Urinary incontinence is a common condition, which, although not life-threatening, impairs the health-related quality of life of affected individuals. All women complaining of incontinence require a basic assessment and those with complex or refractory symptoms may benefit from urodynamic studies. Initial treatment includes lifestyle advice, behavioral modifications, bladder retraining and pelvic floor muscle training. For those women with persistent
stress urinary incontinence following
conservative therapy, surgical management might be considered. The development of the minimally invasive, retropubic, synthetic,
mid-urethral sling procedures has revolutionized stress incontinence surgery and reduced the popularity of 'traditional' procedures, such as colposuspension and autologous fascial sling. In an attempt to reduce further the morbidity, transobturator and single-incision slings have been introduced. While
antimuscarinic agents are the mainstay of the current medical management of urgency
urinary incontinence, a recently developed selective β3-adrenergic receptor agonist (
mirabegron) offers an alternative pharmacological option.
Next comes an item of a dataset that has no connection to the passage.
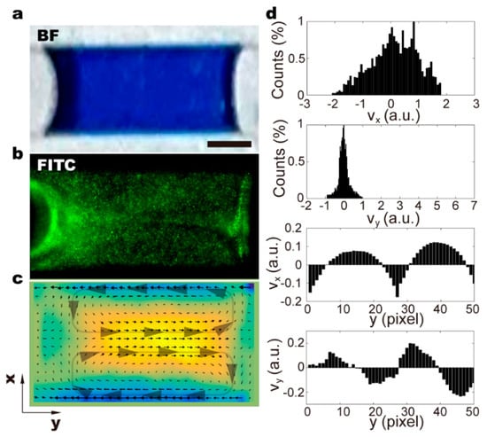 It is demonstrated that with no air input, solutes of the five inputs remain separated near the end of the fluidic chip (Figure 2a). The gradual blurry in the boundary from positions (1) to (3) can only be attributed to thermal dynamic diffusion and minor turbulent flow at the corner section. At high input air pressure, laminar streams of five solutions were frequently separated by air input and form individual droplets (Figure 2b). The mixing efficiency is satisfactory. Different coloring at the top and bottom parts of the droplet is still visible at position (1), which is ≈1 cm away from the Y-junction and position (2) (≈3 cm to the Y-junction). Apparently, it requires a certain distance for the droplet to move, which ensures thorough mixing. The flow profile is traced using fluorescent particles of ≈1 μm in diameter. We observe that the droplets moving in the straight parts of the fluidic channels generate a steady recirculating flow (Figure 3a–c) []. Even though the velocity perpendicular to fluidic channel can be as high as two times the driving flow rate, the direction distribution is symmetric, suggesting circulating flow within only half of the droplet (Figure 3d and Video S1). The flow rate along the channel direction is mostly slower than the driving flow rate. As reported before, the 3D flow allows mixing within half of the droplet, and thus the mass transfer in the transversal direction still relies on molecular diffusion and takes time [,]. The changed dimension of constrictions along the fluidic channel induces chaotic advection in individual droplets by dynamically changing the shape of the droplet and introducing asymmetry into the recirculating flow system []. As the convection flow rate is determined by droplet moving speed, the mixing efficiency depends strongly on the driving flow rate and channel geometry.

Modalities such as intravesical
botulinum toxin and neuromodulation (peripheral or sacral) are available to women with refractory urgency incontinence. Finally, when all other options have been explored and proven unsuccessful, inappropriate or not feasible, reconstructive surgery or
catheter insertion might be considered as a last resort. The aim of this paper is to review conservative, medical and surgical management for
urinary incontinence by using the best available evidence in the literature.